Les représentations sociales des enseignants concernant la fonction identitaire de l’enseignement de l’histoire.

Ouverture

Vous êtes enseignant (e) d’histoire et éducation à la citoyenneté ici, à l’école... et vous avez accepté de participer à cette recherche sur les pratiques enseignantes en histoire et éducation à la citoyenneté au deuxième cycle du secondaire.

Votre participation à cette recherche nous permettra de mieux comprendre les liens qui existent entre le programme de formation et l’enseignement réel de l’histoire en ce qui concerne l’identification à la nation.

Les propos échangés aujourd’hui sont confidentiels. Je serai le seul à avoir accès à ces données. Un nom fictif vous sera assigné, votre école et la commission scolaire au sein de laquelle elle se situe ne seront pas identifiées et il sera impossible pour quiconque lisant la thèse de vous identifier personnellement.

Avez-vous déjà participé à une entrevue de ce type ?
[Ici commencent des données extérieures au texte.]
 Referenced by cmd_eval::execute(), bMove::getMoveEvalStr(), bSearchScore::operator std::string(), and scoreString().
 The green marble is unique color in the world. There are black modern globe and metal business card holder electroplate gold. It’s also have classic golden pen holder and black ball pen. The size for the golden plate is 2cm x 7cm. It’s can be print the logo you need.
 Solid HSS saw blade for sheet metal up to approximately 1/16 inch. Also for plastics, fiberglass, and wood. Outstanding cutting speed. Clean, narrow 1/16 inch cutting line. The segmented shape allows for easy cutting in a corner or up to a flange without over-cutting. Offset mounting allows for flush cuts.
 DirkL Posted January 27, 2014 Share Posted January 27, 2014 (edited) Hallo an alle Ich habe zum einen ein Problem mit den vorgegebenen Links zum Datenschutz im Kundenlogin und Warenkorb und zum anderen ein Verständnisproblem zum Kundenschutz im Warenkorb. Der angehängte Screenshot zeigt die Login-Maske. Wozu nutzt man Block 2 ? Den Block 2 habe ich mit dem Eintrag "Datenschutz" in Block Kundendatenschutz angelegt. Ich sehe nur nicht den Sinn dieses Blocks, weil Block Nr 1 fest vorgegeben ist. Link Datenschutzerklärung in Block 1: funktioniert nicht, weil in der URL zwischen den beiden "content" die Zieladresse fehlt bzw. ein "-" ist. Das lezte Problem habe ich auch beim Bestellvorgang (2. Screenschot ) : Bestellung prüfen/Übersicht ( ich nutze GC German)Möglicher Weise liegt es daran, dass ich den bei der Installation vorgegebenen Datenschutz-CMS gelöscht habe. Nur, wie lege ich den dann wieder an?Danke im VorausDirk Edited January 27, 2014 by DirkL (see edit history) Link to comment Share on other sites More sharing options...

Je vais vous poser des questions ouvertes sur les finalités que vous poursuivez dans votre enseignement de l’histoire. Vos opinions, vos croyances, vos valeurs et vos intentions sont sollicitées dans vos réponses. Sentez-vous à l’aise de répondre de la façon qui vous convient le mieux. Il se peut que je vous pose de temps à autre des sous-questions, afin de m’assurer que j’ai bien saisi votre réponse.

Consentez-vous à l’enregistrement de notre entretien ?

Questions principales

    1. Quelles devraient être les finalités de l’enseignement de l’histoire selon vous ?
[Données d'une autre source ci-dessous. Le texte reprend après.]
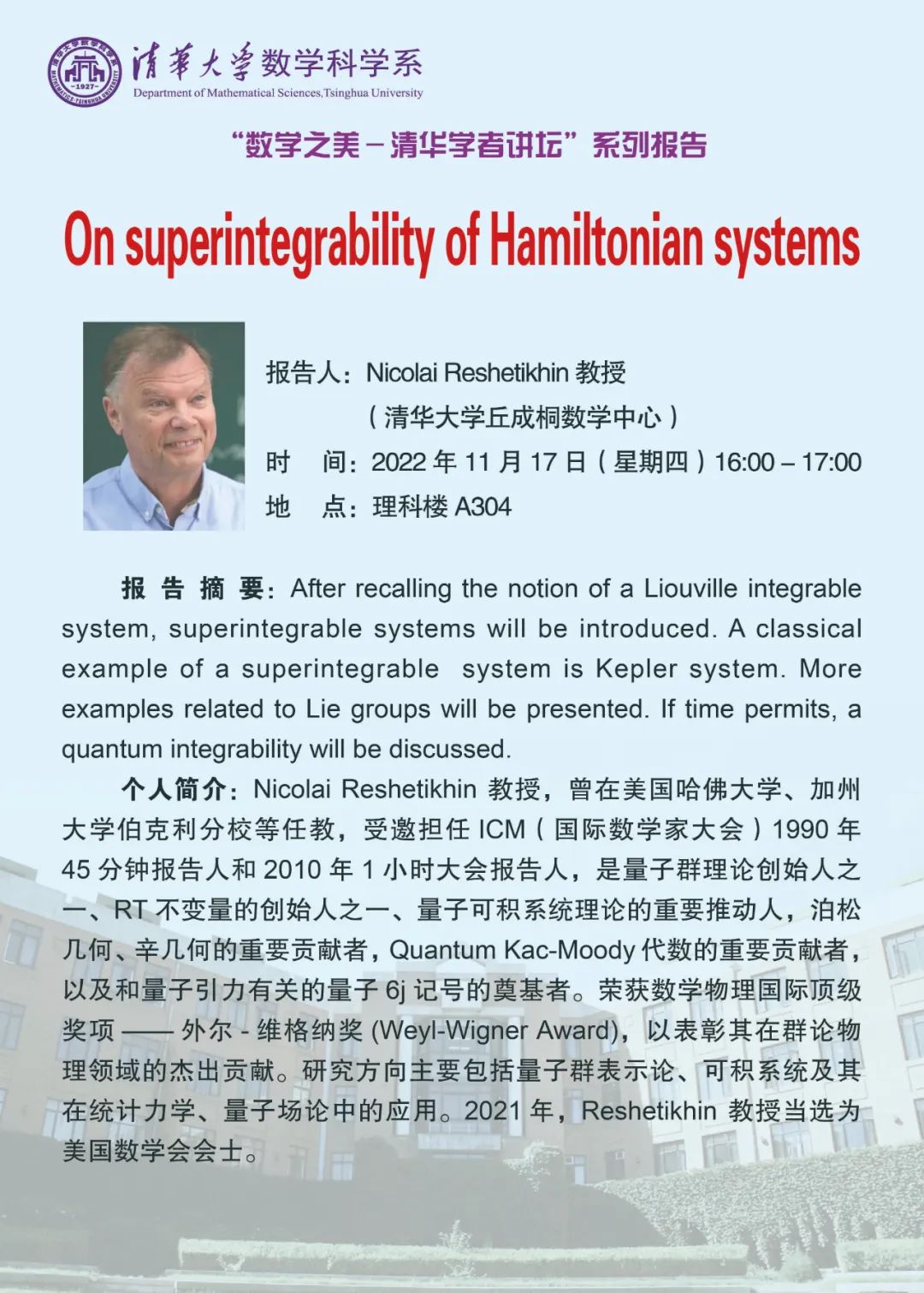 18porn 院长丘成桐先生一直强调,一流的人才需要一流的学术大师来教导。国际数学物理顶尖学者 Nicolai Reshetikhin教授全职加入丘成桐数学科学中心,意味着18porn 又增加一位世界一流水平导师。

    2. Est-ce que le programme de formation actuellement en vigueur correspond à ces finalités ?

    3. En pratique, comment travaillez-vous à atteindre ces finalités ?
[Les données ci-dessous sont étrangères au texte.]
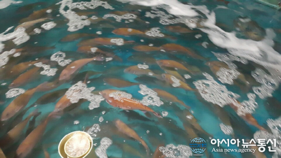 >日本産活マダイの卸価格(kg当り)は1万9000ウォン、国内産は1万5500~1万6000ウォンで3000ウォン台の差がある。しかし、日本産タイの品質が良くて国内消費者の選好度が高い。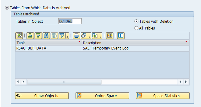 - RSAU_BUF_DATA SAL (Temporary Event Log) (is the only table in ECC 6.0 and older netweaver systems)

    4. Avez-vous suivi le débat sur l’enseignement de l’histoire du Québec dans les médias au cours des derniers mois ?

    5. Qu’en pensez-vous ?

    6. Est-ce que les arguments avancés par l’un ou l’autre des participants au débat vous ont incité à remettre en question certaines de vos pratiques ?

    7. Durant ce débat, il a fréquemment été question de la transmission de l’histoire nationale. Croyez-vous que l’enseignement de l’histoire joue un rôle dans la transmission du passé et des valeurs nationales ?

    8. Qu’est-ce qu’une nation selon vous ?
Est-ce que le Québec forme une nation selon vous ? Pourquoi?

    9. Est-ce que l’enseignement de l’histoire devrait avoir comme objectif de contribuer à la transmission du passé et des valeurs de la nation ? Pourquoi ?

    10. Dans les faits, croyez-vous que l’enseignement de l’histoire contribue à la transmission du passé et des valeurs de la nation ? Pourquoi ?

    11. Considérez-vous que votre pratique enseignante est influencée par l’idée de créer un certain attachement à la nation chez l’élève ? Pourquoi ?

    12. Si vous avez enseigné l’histoire au deuxième cycle du secondaire avant l’implantation du programme actuel, est-ce que le nouveau programme vous a incité à apporter des changements à votre enseignement ? Précisez.

    13. Quels sont les facteurs les plus importants qui influencent votre enseignement ?

Clôture

14. Aimeriez-vous ajouter quelque chose ?


15. Y a-t-il une question que vous auriez aimé que je vous pose ?

16. Êtes-vous satisfait de notre entretien ?

Remerciements

Je tiens à vous remercier vivement de votre disponibilité pour cet entretien et d’avoir partagé avec moi votre vision de la situation. Elle me sera indispensable pour décrire les divers éléments des pratiques enseignantes en histoire et éducation à la citoyenneté au Québec.